This method is faster than counting the neighbours if the board has only few active cells and its worst case is a board whose cells are all on, in which case it is as good as neighbour-counting, because you have to touch each neighbours for each cell.
The next logical step is to represent the board as a sequence of bits, because bits already have a natural way of toggling, the exclusive or or xor oerator, ^. If you keep the list of neigbours for each cell as a bit mask m, you can then toggle the board b via b ^= m.
These are the improvements that can be made to the algorithm. The big improvement is to notice that the patterns will eventually repeat. (The toggling bears resemblance with Conway's Game of Life, where there are also repeating patterns.) Also, the given maximum number of possible iterations, 2⁶³ is suspiciously large.
The playing board is small. The example in your question will repeat at least after 2¹⁶ turns, because the 4×4 board can have at most 2¹⁶ layouts.
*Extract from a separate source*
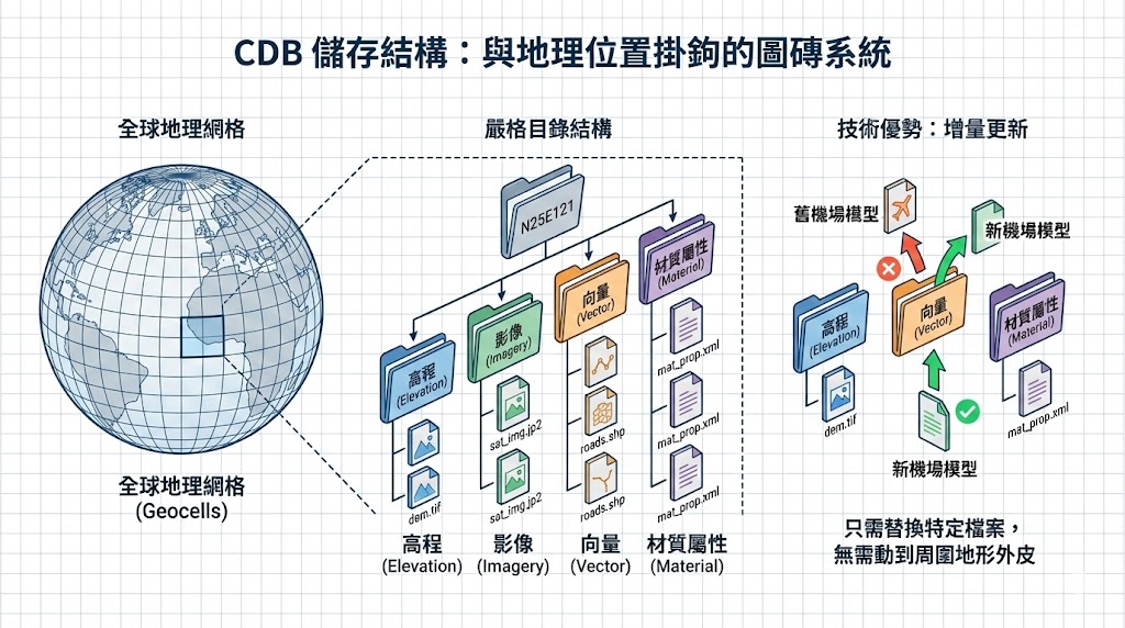 CDB 不像傳統格式將幾何模型與紋理混合打包,而是採用嚴格的目錄結構,它將地球劃分為經緯度網格(Geocells),並將高程、影像、向量與材質屬性分開儲存。

In practice, turn 127 reaches the ring pattern of the first move after the original and it loops with a period of 126 from then.
The bigger boards may have up to 2¹⁰⁰ layouts, so they may not repeat within 2⁶³ turns. A 10×10 board with a single active cell near the middle has ar period of 2,162,622. This may indeed be a topic for a maths study, as Aziuth suggests, but we'll tacke it with profane means: Keep a hash map of all previous states and the turns where they occurred, then check whether the pattern has occurred before in each turn.
We now have:
a simple algorithm for toggling the cells' state and
a compact bitwise representation of the board, which allows us to create a hash map of the previous states.
Here's my attempt:
#include <iostream>
#include <map>
/*
* Bit representation of a playing board, at most 10 x 10
*/
struct Grid {
unsigned char data[16];
Grid() : data() {
}
void add(size_t i, size_t j) {
size_t k = 10 * i + j;
data[k / 8] |= 1u << (k % 8);
}
void flip(const Grid &mask) {
size_t n = 13;
while (n--) data[n] ^= mask.data[n];
}
bool ison(size_t i, size_t j) const {
size_t k = 10 * i + j;
return ((data[k / 8] & (1u << (k % 8))) != 0);
}
bool operator<(const Grid &other) const {
size_t n = 13;
while (n--) {
if (data[n] > other.data[n]) return true;
if (data[n] < other.data[n]) return false;
}
return false;
}
void dump(size_t n, size_t m) const {
for (size_t i = 0; i < n; i++) {
for (size_t j = 0; j < m; j++) {
std::cout << (ison(i, j) ? 1 : 0);
}
std::cout << '\n';
}
std::cout << '\n';
}
};
int main()
{
size_t n, m, k;
std::cin >> n >> m >> k;
Grid grid;
Grid mask[10][10];
for (size_t i = 0; i < n; i++) {
for (size_t j = 0; j < m; j++) {
int x;
std::cin >> x;
if (x) grid.add(i, j);
}
}
for (size_t i = 0; i < n; i++) {
for (size_t j = 0; j < m; j++) {
Grid &mm = mask[i][j];
if (i % 2 == 0) {
if (i) {
if (j) mm.add(i - 1, j - 1);
mm.add(i - 1, j);
}
if (j) mm.add(i, j - 1);
if (j < m - 1) mm.add(i, j + 1);
if (i < n - 1) {
if (j) mm.add(i + 1, j - 1);
mm.add(i + 1, j);
}
} else {
if (i) {
if (j < m - 1) mm.add(i - 1, j + 1);
mm.add(i - 1, j);
}
if (j) mm.add(i, j - 1);
if (j < m - 1) mm.add(i, j + 1);
if (i < n - 1) {
if (j < m - 1) mm.add(i + 1, j + 1);
mm.add(i + 1, j);
}
}
}
}
std::map<Grid, size_t> prev;
std::map<size_t, Grid> pattern;
for (size_t turn = 0; turn < k; turn++) {
Grid next;
std::map<Grid, size_t>::const_iterator it = prev.find(grid);
if (1 && it != prev.end()) {
size_t start = it->second;
size_t period = turn - start;
size_t index = (k - turn) % period;
grid = pattern[start + index];
break;
}
prev[grid] = turn;
pattern[turn] = grid;
for (size_t i = 0; i < n; i++) {
for (size_t j = 0; j < m; j++) {
if (grid.ison(i, j)) next.flip(mask[i][j]);
}
}
grid = next;
}
for (size_t i = 0; i < n; i++) {
for (size_t j = 0; j < m; j++) {
std::cout << (grid.ison(i, j) ? 1 : 0);
}
std::cout << '\n';
}
return 0;
}
There is probably room for improvement. Especially, I'm not so sure how it fares for big boards. (The code above uses an ordered map. We don't need the order, so using an unordered map will yield faster code. The example above with a single active cell on a 10×10 board took significantly longer than a second with an ordered map.)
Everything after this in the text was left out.